[WORK TO BE COMPLETED] From the material below, return exactly the lines starting at the one that holds "(株)J-COM宝塚川西局 H23.11.28実施" and ending at the one that holds "SILKY BRONZE (B6S - METALICZNY)". Pictures stay out of the answer.

[ENTRIES SHOWN]
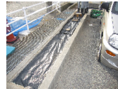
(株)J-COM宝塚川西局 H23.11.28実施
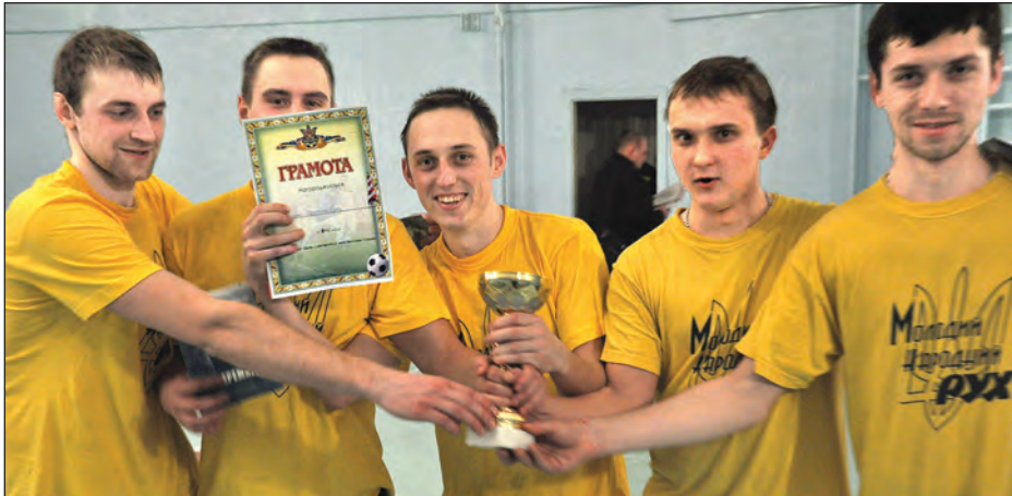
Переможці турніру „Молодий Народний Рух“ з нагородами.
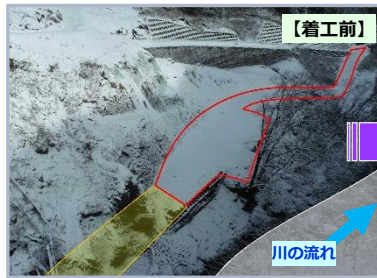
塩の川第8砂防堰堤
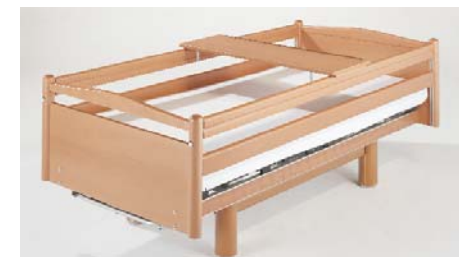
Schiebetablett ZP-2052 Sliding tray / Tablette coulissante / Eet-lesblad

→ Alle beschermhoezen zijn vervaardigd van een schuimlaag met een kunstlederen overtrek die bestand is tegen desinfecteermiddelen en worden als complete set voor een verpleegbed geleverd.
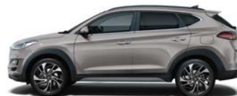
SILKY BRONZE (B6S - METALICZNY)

==

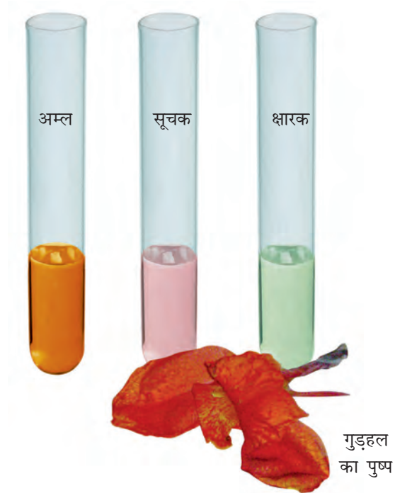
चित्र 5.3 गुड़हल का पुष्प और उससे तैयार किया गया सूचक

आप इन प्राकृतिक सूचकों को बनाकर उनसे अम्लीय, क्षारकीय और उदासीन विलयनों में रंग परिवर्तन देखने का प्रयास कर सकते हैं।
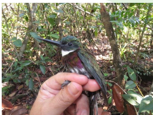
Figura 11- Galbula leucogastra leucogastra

[TASK RESPONSE]
(株)J-COM宝塚川西局 H23.11.28実施
Переможці турніру „Молодий Народний Рух“ з нагородами.
塩の川第8砂防堰堤
Schiebetablett ZP-2052 Sliding tray / Tablette coulissante / Eet-lesblad

→ Alle beschermhoezen zijn vervaardigd van een schuimlaag met een kunstlederen overtrek die bestand is tegen desinfecteermiddelen en worden als complete set voor een verpleegbed geleverd.
SILKY BRONZE (B6S - METALICZNY)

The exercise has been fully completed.